Founded in 2008, Graze makes range of nuts, seeds, trail mixes and snack bars, with no artificial ingredients. Having started with a snack box delivery service, the brand now has products available via retail stores, e-commerce and direct to consumer.

Last year, Graze released 15 new products in January and revealed a fresh brand identity in a move to challenge the negative perceptions around snacking.

Unilever said the acquisition accelerates its presence in the fast-growing healthy snacking and out of home markets.

Nitin Paranjpe, president of Unilever’s food and refreshment business, said: “Graze is the leading healthy snacking brand in the UK – delivering consumers fabulously tasty snacking options, delivered in beautiful packaging. A truly multichannel brand, Graze offers personalisation, convenience and great nutrition, brilliantly meeting the needs of millennial consumers.

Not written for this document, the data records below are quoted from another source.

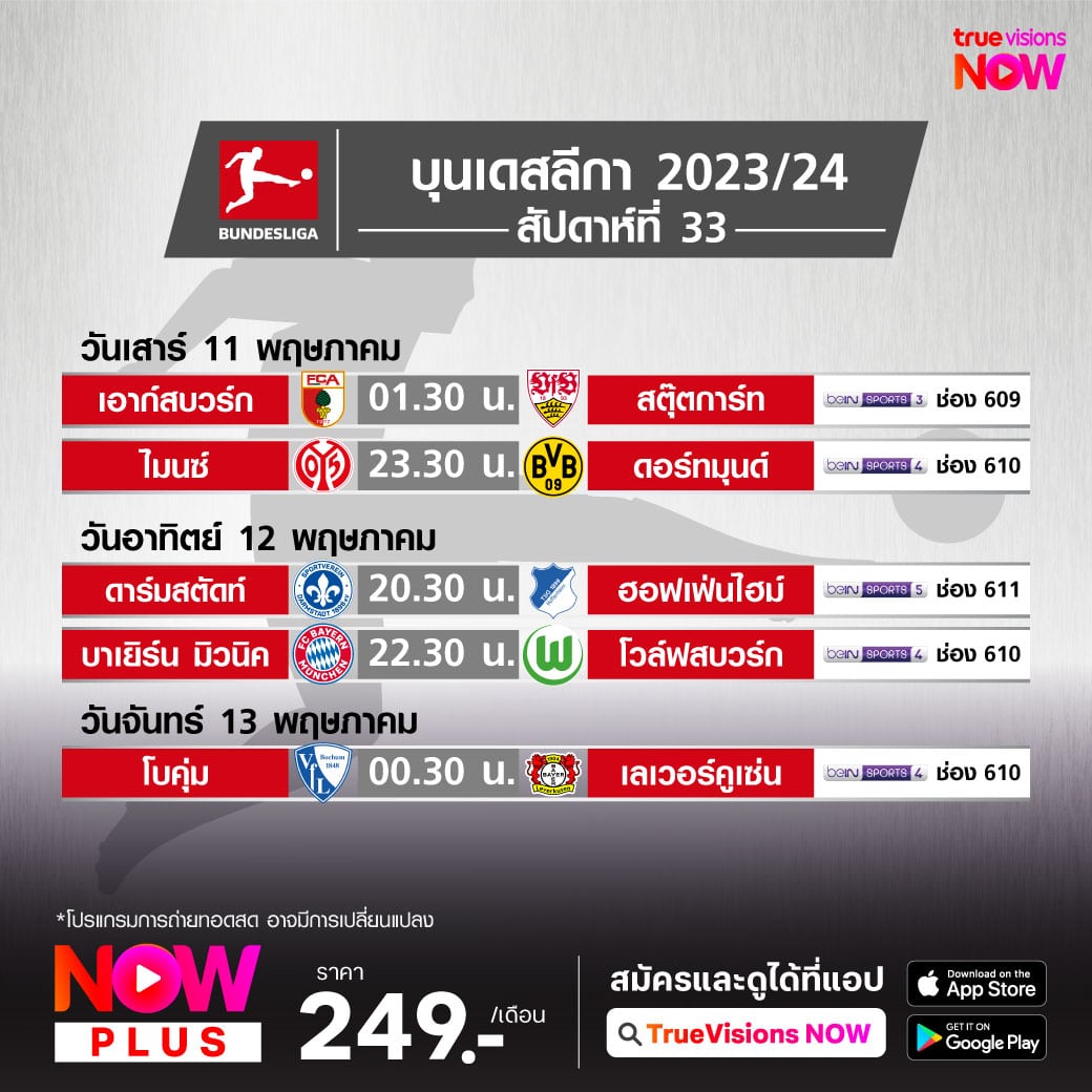 โปรแกรม บุนเดสลีกาเยอรมัน ประจำฤดูกาล 2023/24 สัปดาห์ที่ 33 ทุกคู่
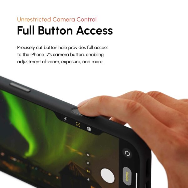 Med en præcist udskåret åbning får du fuld adgang til iPhone 16’s kameraknap. Så du kan fange øjeblikke med præcision og lethed. S.Mount-systemet sikrer desuden problemfri kontrol ved hver optagelse.
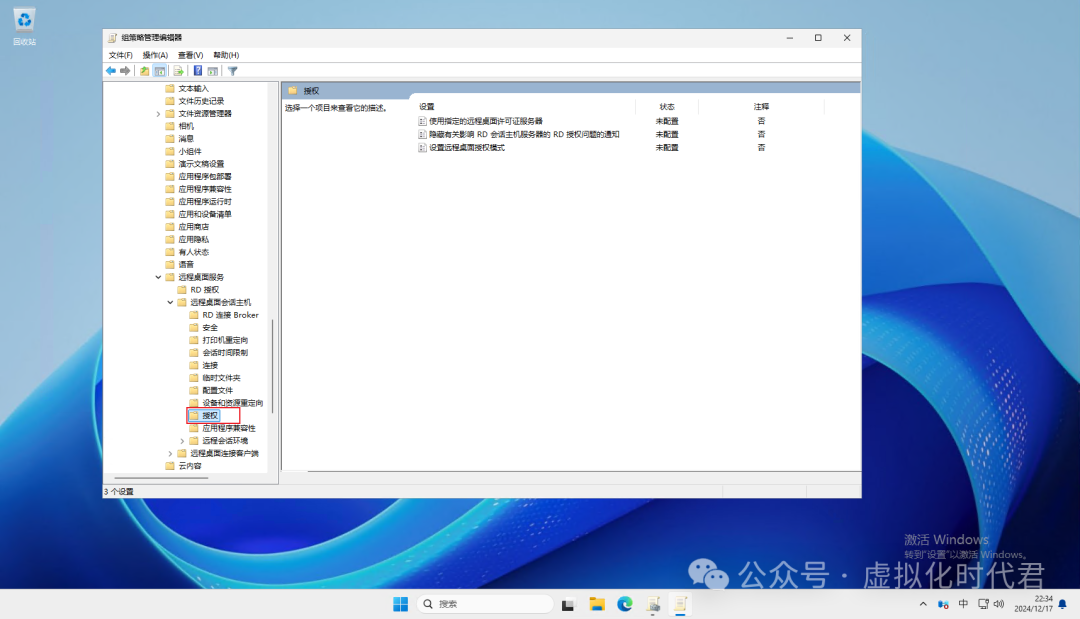 4、依次打开计算机配置->策略->管理模板->Windows组件->远程桌面授权->远程桌面会话主机->授权,如图所示

“Accelerating our presence in healthy foods and out of home, this is an excellent strategic fit for the Unilever food and refreshment business, and a wonderful addition to our stable of purpose-driven brands.

“We look forward to working with the Graze team to grow the business, leveraging their tech and e-commerce expertise for our wider portfolio, and offering more consumers the opportunity to snack in a healthier way.”

Graze CEO Anthony Fletcher added: “This deal marks a transformational moment in Graze’s growth journey. Graze believes that learning from Unilever’s sustainable living plan will become a key driver for the business.

“Graze has an incredibly exciting future ahead as part of Unilever and we look forward to working closely with the team to keep on inventing new healthy snacks, as well as continuing to work to understand the role technology can play in improving the food industry.”

The announcement comes a week after Unilever reported a 5% reduction in full-year turnover – owing to adverse currency impacts and the disposal of its spreads unit at the end of 2017.

Alan Jope, who took over as Unilever CEO from Paul Polman at the start of the year, said the firm’s number one priority is accelerating growth. “With so many of our brands enjoying leadership positions, we have significant opportunities to develop our markets, as well as to benefit from our deep global reach and purpose-led brands.”